SPikE-SSM: A Sparse, Precise, and Efficient Spiking State Space Model for Long Sequences Learning
- URL: http://arxiv.org/abs/2410.17268v1
- Date: Mon, 07 Oct 2024 12:20:38 GMT
- Title: SPikE-SSM: A Sparse, Precise, and Efficient Spiking State Space Model for Long Sequences Learning
- Authors: Yan Zhong, Ruoyu Zhao, Chao Wang, Qinghai Guo, Jianguo Zhang, Zhichao Lu, Luziwei Leng,
- Abstract summary: Spiking neural networks (SNNs) provide an energy-efficient solution by utilizing the spike-based and sparse nature of biological systems.
Recent emergence of state space models (SSMs) offer superior computational efficiency and modeling capability.
We propose a sparse, precise and efficient spiking SSM framework, termed SPikE-SSM.

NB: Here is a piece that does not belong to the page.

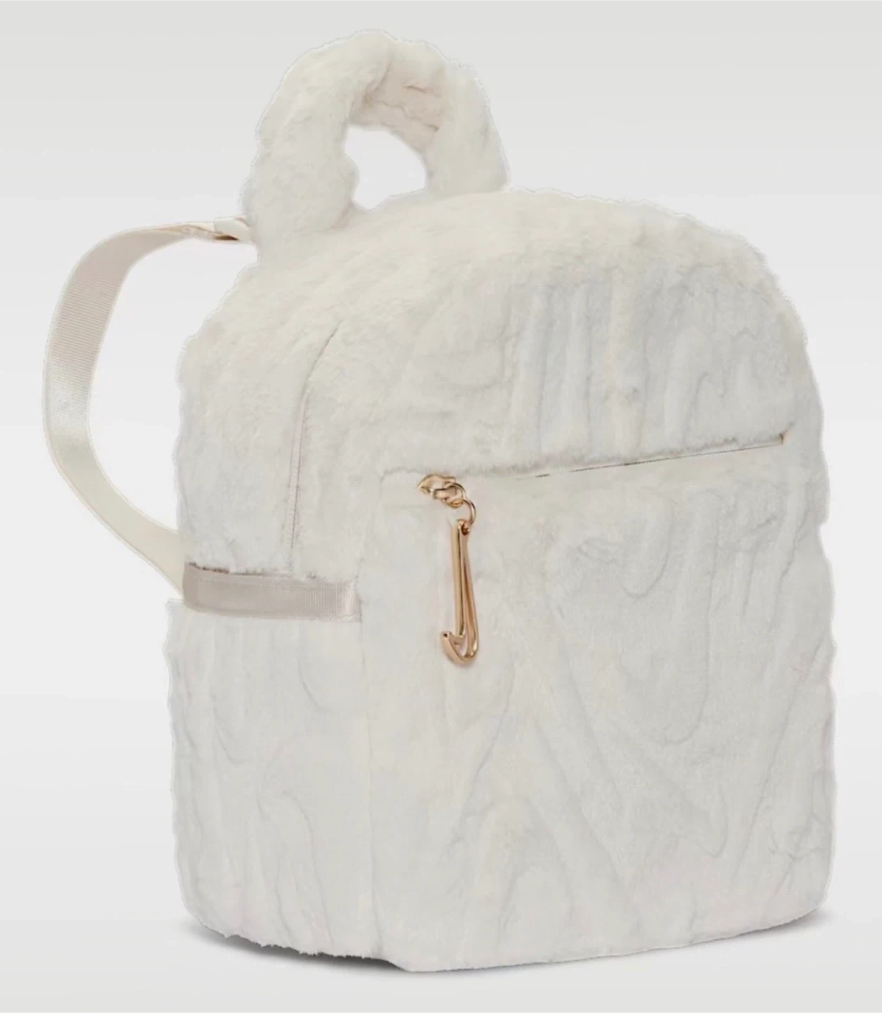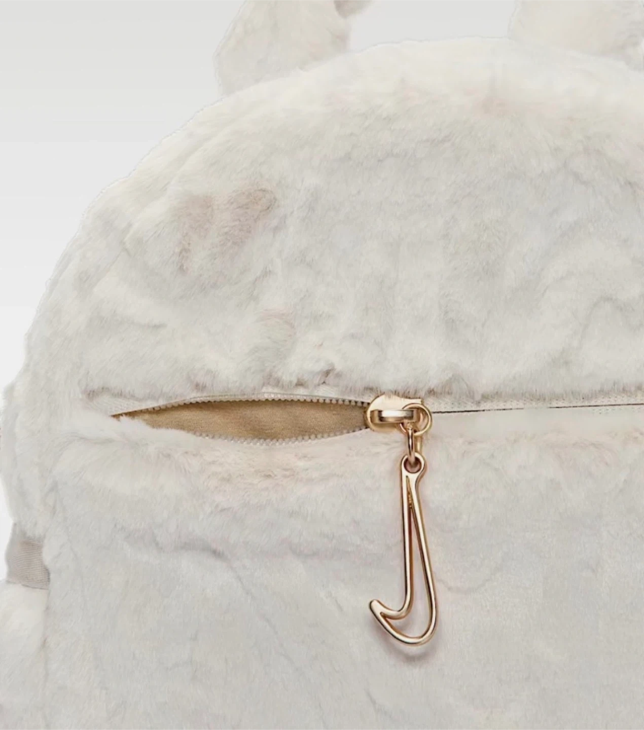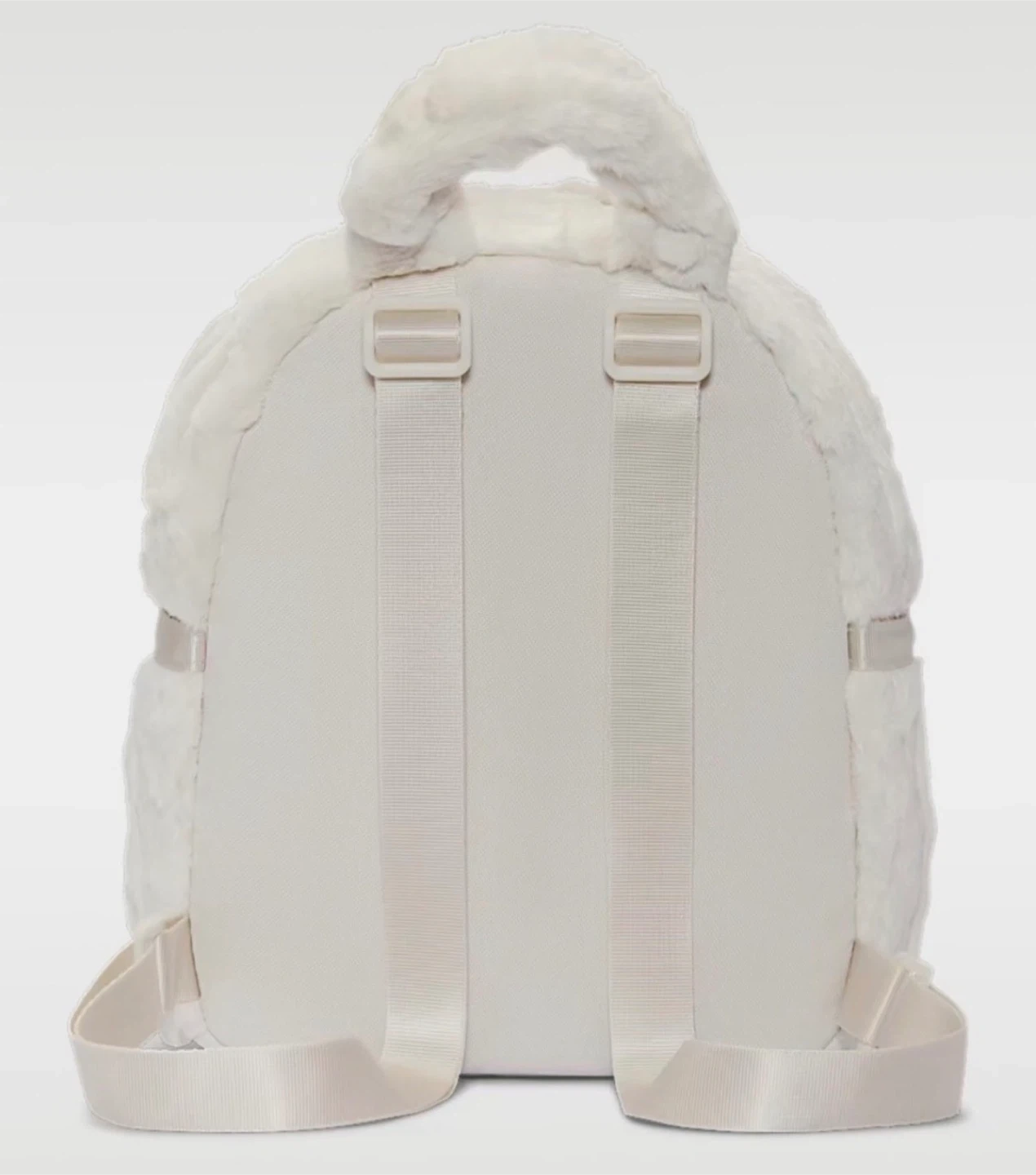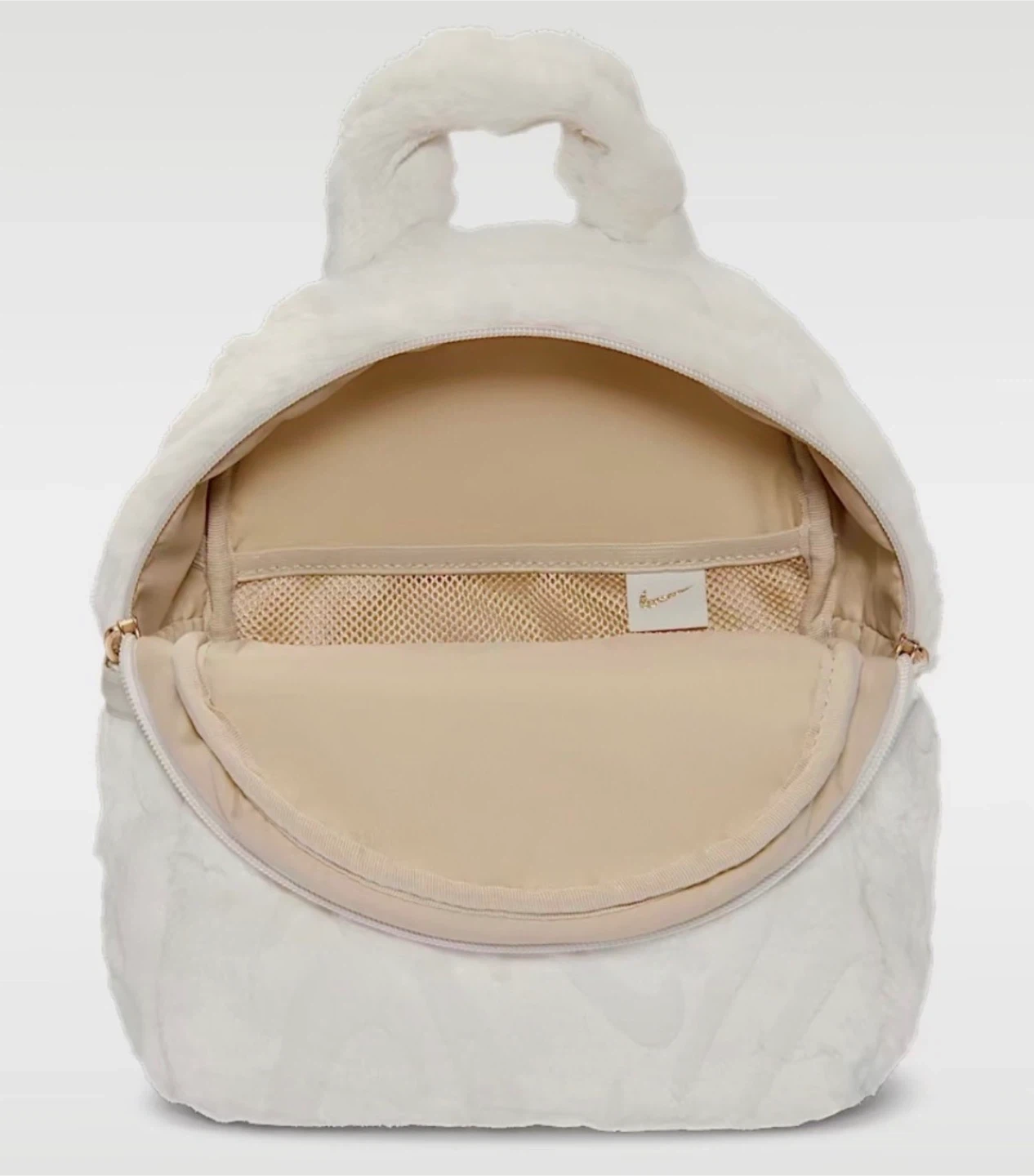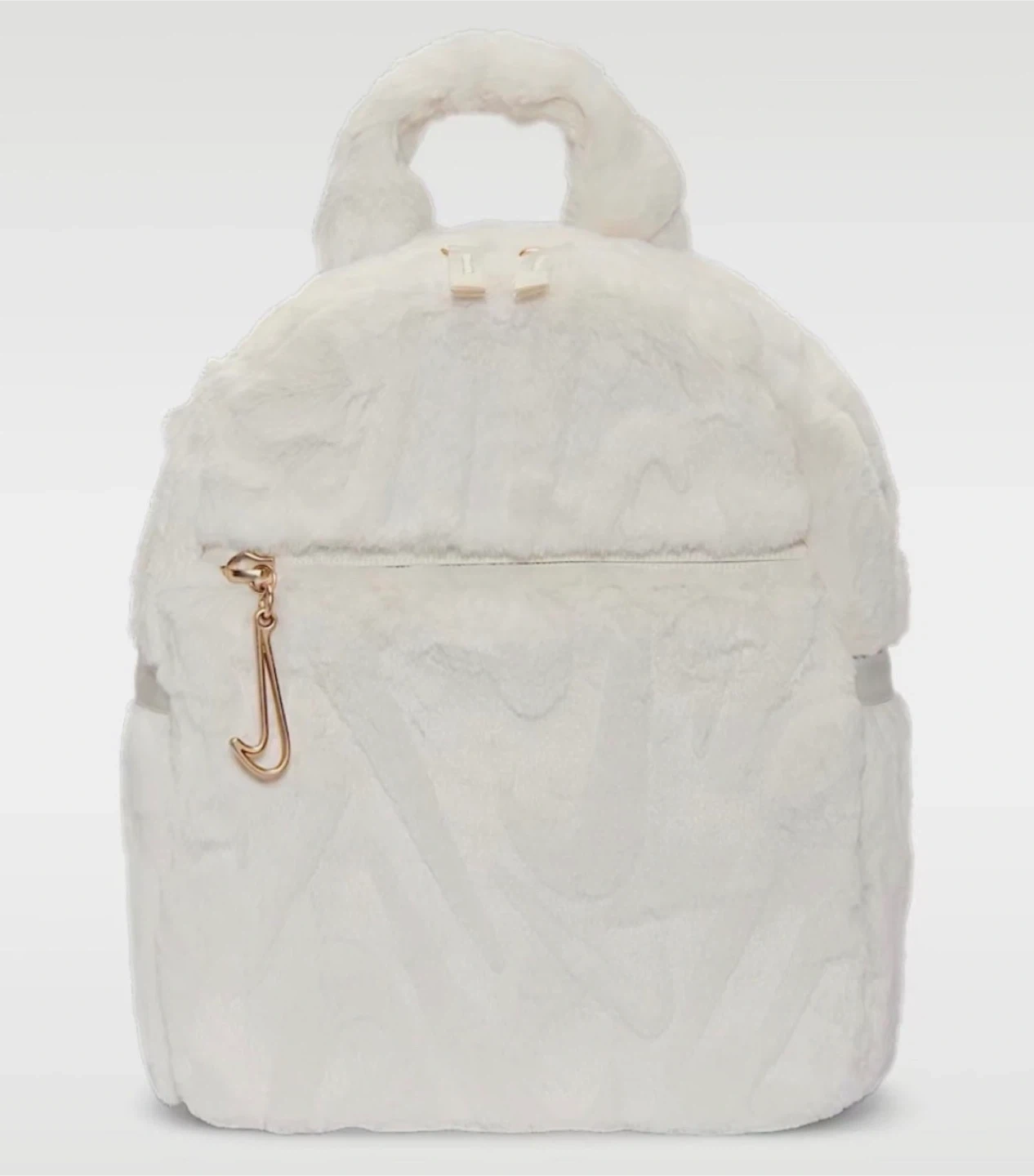 Super cute and fluffy white faux fur mini backpack by Nike. It has a main compartment with internal pockets and a front zippered pocket. The spacious 6-liter capacity is perfect for your essentials, while the additional polyester straps ensure your belongings stay secure and organized. Whether you're heading to the gym or running errands, this backpack is an ideal companion for your active lifestyle.

- Score: 21.37966285950504
- License:
- Abstract: Spiking neural networks (SNNs) provide an energy-efficient solution by utilizing the spike-based and sparse nature of biological systems. Since the advent of Transformers, SNNs have struggled to compete with artificial networks on long sequential tasks, until the recent emergence of state space models (SSMs), which offer superior computational efficiency and modeling capability. However, applying the highly capable SSMs to SNNs for long sequences learning poses three major challenges: (1) The membrane potential is determined by the past spiking history of the neuron, leading to reduced efficiency for sequence modeling in parallel computing scenarios. (2) Complex dynamics of biological spiking neurons are crucial for functionality but challenging to simulate and exploit effectively in large networks. (3) It is arduous to maintain high sparsity while achieving high accuracy for spiking neurons without resorting to dense computing, as utilized in artificial neuron-based SSMs. To address them, we propose a sparse, precise and efficient spiking SSM framework, termed SPikE-SSM. For (1), we propose a boundary compression strategy (PMBC) to accelerate the inference of the spiking neuron model, enabling parallel processing for long sequence learning. For (2), we propose a novel and concise neuron model incorporating reset-refractory mechanism to leverage the inherent temporal dimension for dynamic computing with biological interpretability. For (3), we hierarchically integrate the proposed neuron model to the original SSM block, and enhance the dynamics of SPikE-SSM by incorporating trainable thresholds and refractory magnitudes to balance accuracy and sparsity. Extensive experiments verify the effectiveness and robustness of SPikE-SSM on the long range arena benchmarks and large language dataset WikiText-103, showing the potential of dynamic spiking neurons in efficient long sequence learning.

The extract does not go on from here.